A, (ReutersHAVAN) – Communist-run Cuba extended the term of its current leadership to April yesterday, signaling a two-month delay in the historic handover from Raul Castro to a new president, while announcing tighter regulations on the non-state sector.
Castro, 86, had said he would step down in February after two consecutive terms, ending nearly 60 years of Castro brothers’ rule and marking a transition from the leaders of the 1959 revolution to a new, younger generation.
The National Assembly said, however, that devastation wrought by Hurricane Irma in September had caused a delay to the start of the political cycle in which voters and electoral commissions pick delegates of municipal, provincial and national assemblies who then select a Council of State and president.
The assembly, which is holding one of its twice-yearly meetings, had therefore extended its term through to April 19, state-run media reported, meaning Castro would likely remain president until then.
Castro, who officially took over the presidency from his late, older brother Fidel Castro in 2008, is set to remain head of the Communist Party, the only legal party in Cuba and its guiding force.
His heir apparent, First Vice President Miguel Diaz-Canel, 57, was born the year after the revolution but has argued for the need to defend its achievements and provide continuity.
Analysts say he is unlikely to reveal his true colours until he is designated president, and even then his room to maneuver could be limited by the need to establish himself as a legitimate successor to the “historic generation.”
Hopes that the next president might deepen market reforms to the centrally planned economy introduced by Castro were dampened on Thursday by the announcement of new regulations on the fledgling private and cooperative sectors designed to limit wealth accumulation and the growth of inequality.
State-run media cited Marino Murillo, chief of the commission charged with carrying out reform, as saying that income distribution at cooperatives would be more closely regulated and private sector licenses would be limited to one per person.
Cuba’s political transition comes as it faces a host of challenges from declining aid from its socialist ally Venezuela to U.S. President Donald Trump’s partial reversal of the U.S.-Cuban detente and tightening of the decades-old U.S. embargo.
A cash crunch has left Cuba behind on payments to its foreign providers, thereby affecting imports, Economy Minister Ricardo Cabrisas told the assembly.
Hurricane Irma also caused damage worth the equivalent of $13.2 billion, Cabrisas said.
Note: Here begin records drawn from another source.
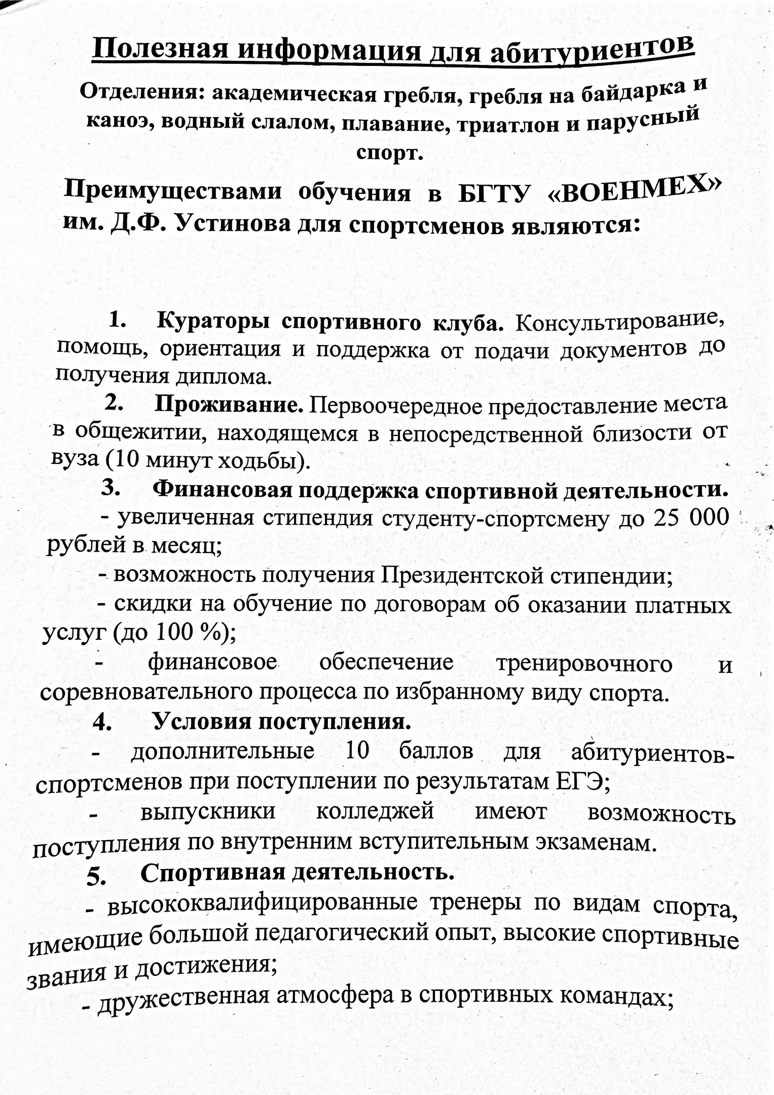 Информация для абитуриентов желающих поступить в ВОЕНМЕХ
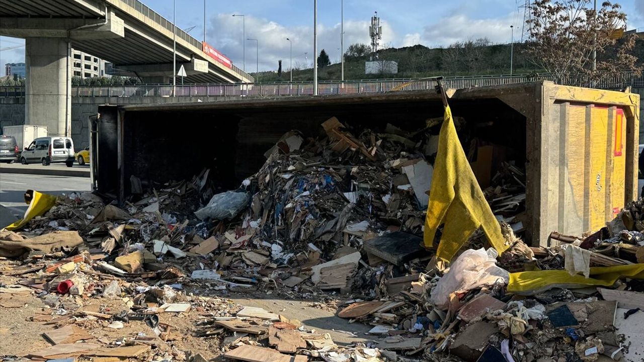 İkitelli Bağlantı Yolu'nda Ahmet K. idaresindeki 34 KKA 907 plakalı hafriyat kamyonu, yolun karşı istikametine doğru devrildi.
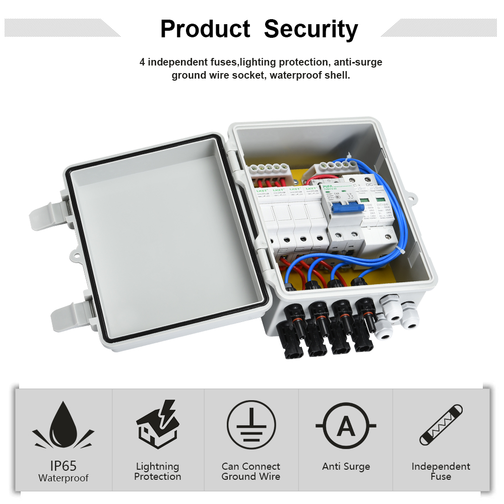 1. Аккуратное, аккуратное и простое подключение к фотогальваническим энергосистемами, без беспорядка.2.Предохранитель постоянного тока быстро удаляет шнур неисправности из эксплуатации системы без воздействия
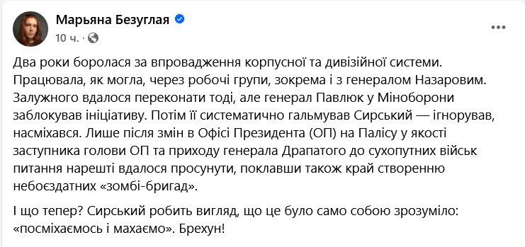 "Так вот, к сведению депутата Безуглой и кому интересно. концепция развития ВСУ, в основу которой положена корпусно-бригадная система, была готова еще в октябре 2024 года. Уже в ноябре она была готова к применению. С доказательствами все просто: в ноябре мы встречались с генералом Сырским и обсуждали ряд вопросов и это тоже. Поскольку главком не очень часто общается с мл. сержантом, я разговор записывал. Вопрос о создании дивизий задавали. Ответ был подробный - о корпусах. Которые будут созданы в ближайшее время. Точка".
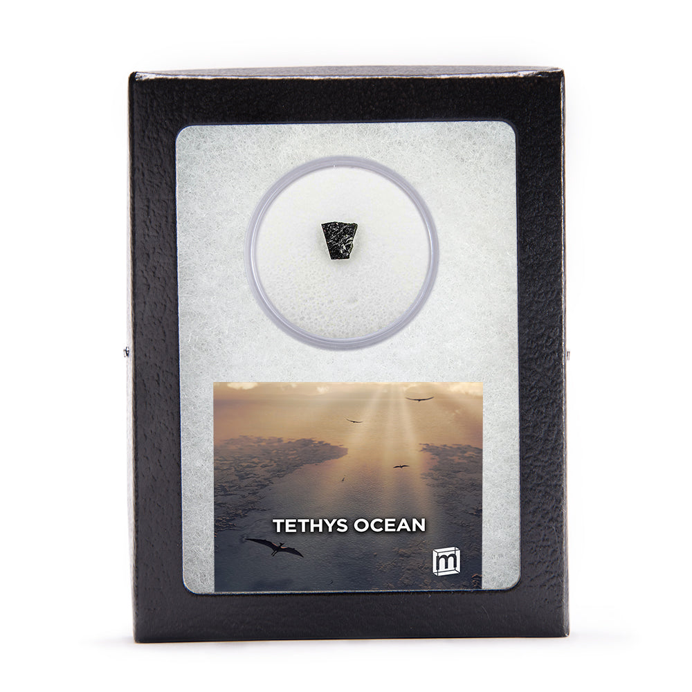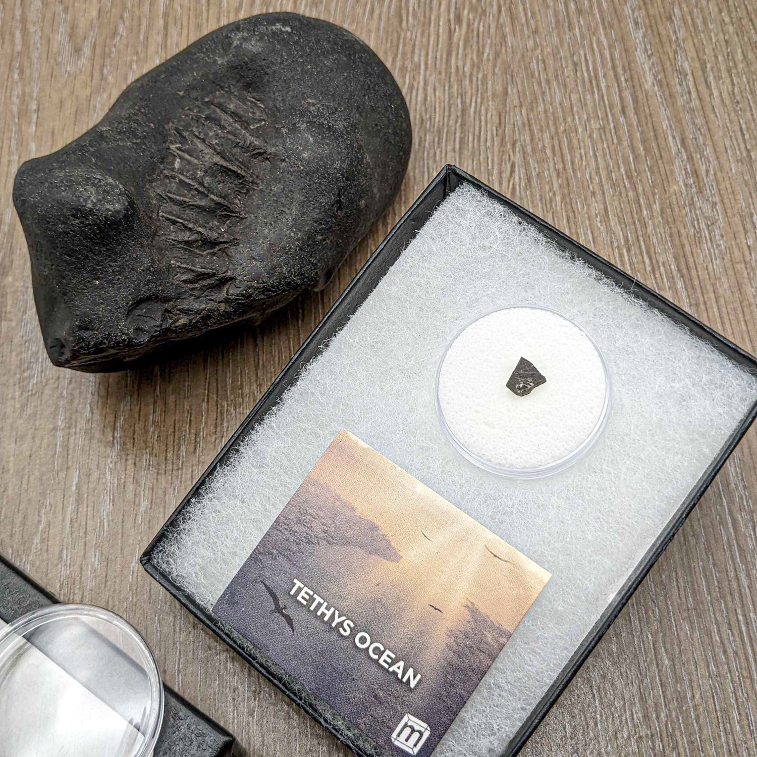 This specimen is a piece of oceanic slate from the prehistoric Tethys seafloor. It was recovered from the banks of the Gandaki River in the Himalayas, where the remains of the ocean have become mountains.

Cuba evaluates damages from natural disasters in dollars on the assumption that a peso is equal to the dollar. Many other official exchange rates exist in Cuba, valuing the peso at much less.
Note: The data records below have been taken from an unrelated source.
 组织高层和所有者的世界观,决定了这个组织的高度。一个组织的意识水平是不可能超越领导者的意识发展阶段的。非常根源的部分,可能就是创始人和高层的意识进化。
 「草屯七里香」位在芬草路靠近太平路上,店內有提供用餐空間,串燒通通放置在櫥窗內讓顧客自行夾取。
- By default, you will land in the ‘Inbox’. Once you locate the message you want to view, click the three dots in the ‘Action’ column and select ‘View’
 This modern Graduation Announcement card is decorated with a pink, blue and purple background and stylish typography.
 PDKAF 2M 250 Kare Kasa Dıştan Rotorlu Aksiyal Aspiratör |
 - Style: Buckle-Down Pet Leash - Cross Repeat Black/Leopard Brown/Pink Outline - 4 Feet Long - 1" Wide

The centrally planned economy nonetheless recovered this year from recession in 2016 – the first in nearly a quarter century – growing 1.6 percent, the minister said.
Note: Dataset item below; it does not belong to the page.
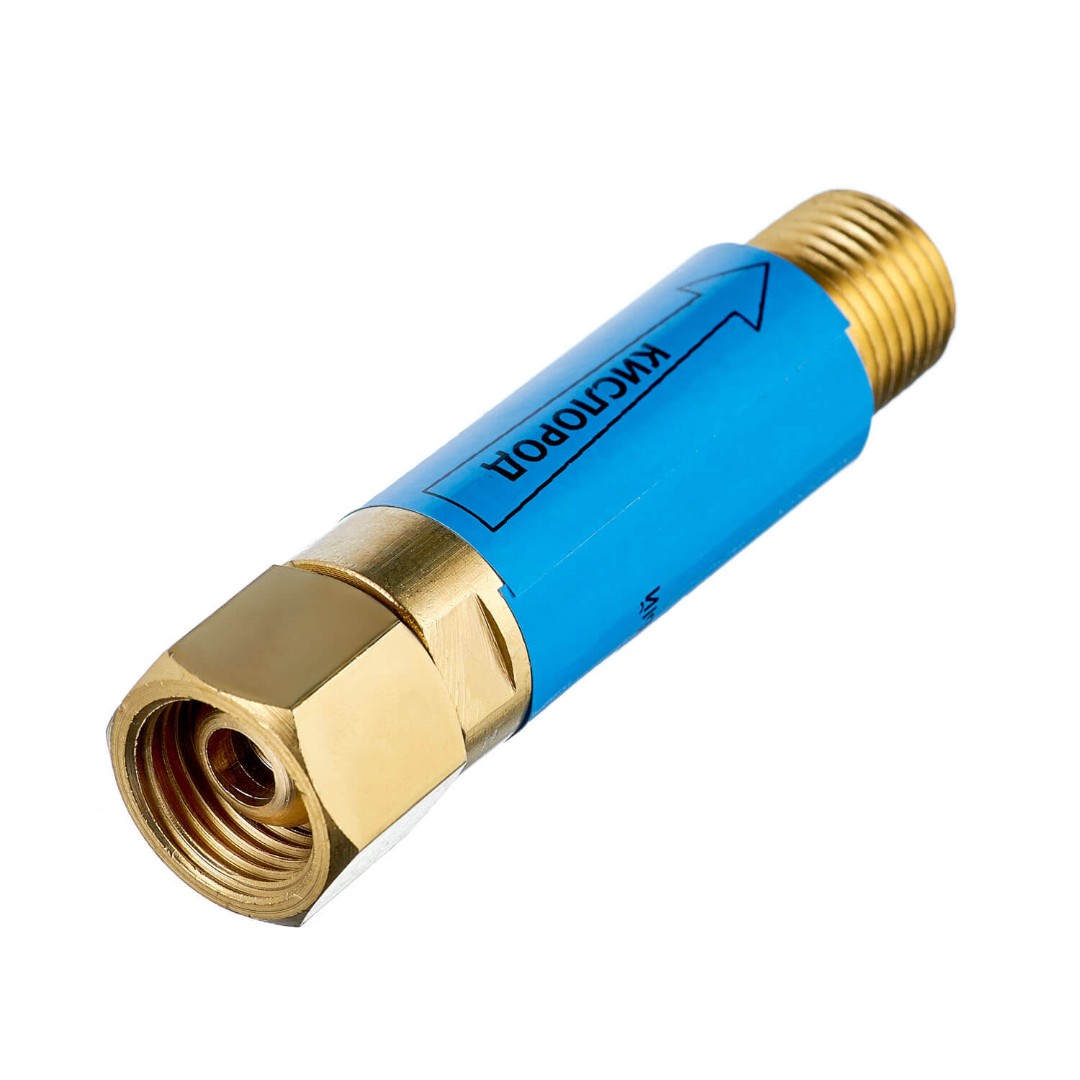 Клапан КОК предназначен для защиты кислородных рукавов от разрывов и возгорания при обратных ударах пламени, устанавливается на штуцер К резака или горелки, присоединительная резьба М16х1,5LH

That growth was driven by expansion in the tourism, transport and communications, agriculture and construction sectors, he said.
Despite Hurricane Irma and a renewed U.S. crackdown on travel to Cuba, the number of foreign visitors grew 19.7 percent on the year to 4.3 million in the first 11 months of 2017, Tourism Minister Manuel Marrero told parliament earlier this week.
Cabrisas said the economy would grow around 2 percent next year.